Ellerslie is an unincorporated community and census-designated place (CDP) in Harris County, Georgia, United States. Ellerslie is a part of the Columbus, Georgia metropolitan area.

It was first listed as a CDP in the 2020 census with a population of 1,053.

==History==
A post office called Ellerslie has been in operation since 1828. The name of the community is believed to have origins from a character in the Waverley Novels written by Sir Walter Scott named Captain Ellerslie.
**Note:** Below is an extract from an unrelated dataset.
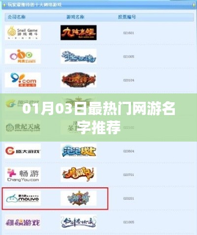 随着科技的快速发展,网络游戏已成为许多人休闲娱乐的首选,在众多的网游中,选择一个既有趣又独特的名字,不仅能展示你的个性,还能让你在游戏中结交更多的朋友,本文将为你推荐一些2023年1月3日最热门的网游名字,希望能够帮助你找到心仪的游戏角色名。
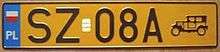 These plates use black text on a yellow background with an additional picture of a vintage car on the right side. Only cars older than 25 years, out of production for 15 years and containing at least 75% of original parts are eligible to be registered as classic cars, with an exception of prototypes that were never produced, cars of considerable historical value or "being an example of original or important technological solutions". These plates are issued on a case by case rules.

The community was struck by a tornado on March 3, 2019, bringing down several trees and damaging the roofs of some homes in the area. No injuries or fatalities occurred.

==Geography==
Ellerslie is located along Alternate U.S. Route 27 and Georgia State Route 85 (SR 85), a highway that runs northeast to southwest through the city, leading southwest 18 mi to Columbus and northeast 5 mi to Waverly Hall. The highway meets Georgia State Route 315 in the city to form a 0.5 mi concurrency within Ellerslie. Atlanta is approximately 80 mi by SR 85 to the northeast. Ellerslie is approximately 730 ft above sea level. It is located in the Piedmont region of the state just a few miles north of the fall line.

==Demographics==

Ellerslie was first listed as a census designated place in the 2020 census.

Historical population
| Census | Pop. | Note | %± |
| 2020 | 1,053 |  | — |
U.S. Decennial Census 2020

===2020 census===

As of the 2020 census, Ellerslie had a population of 1,053. The median age was 43.4 years. 20.9% of residents were under the age of 18 and 14.5% of residents were 65 years of age or older. For every 100 females there were 78.2 males, and for every 100 females age 18 and over there were 67.9 males age 18 and over.

0.0% of residents lived in urban areas, while 100.0% lived in rural areas.

There were 397 households in Ellerslie, of which 31.5% had children under the age of 18 living in them. Of all households, 70.5% were married-couple households, 6.8% were households with a male householder and no spouse or partner present, and 19.1% were households with a female householder and no spouse or partner present. About 16.1% of all households were made up of individuals and 9.0% had someone living alone who was 65 years of age or older.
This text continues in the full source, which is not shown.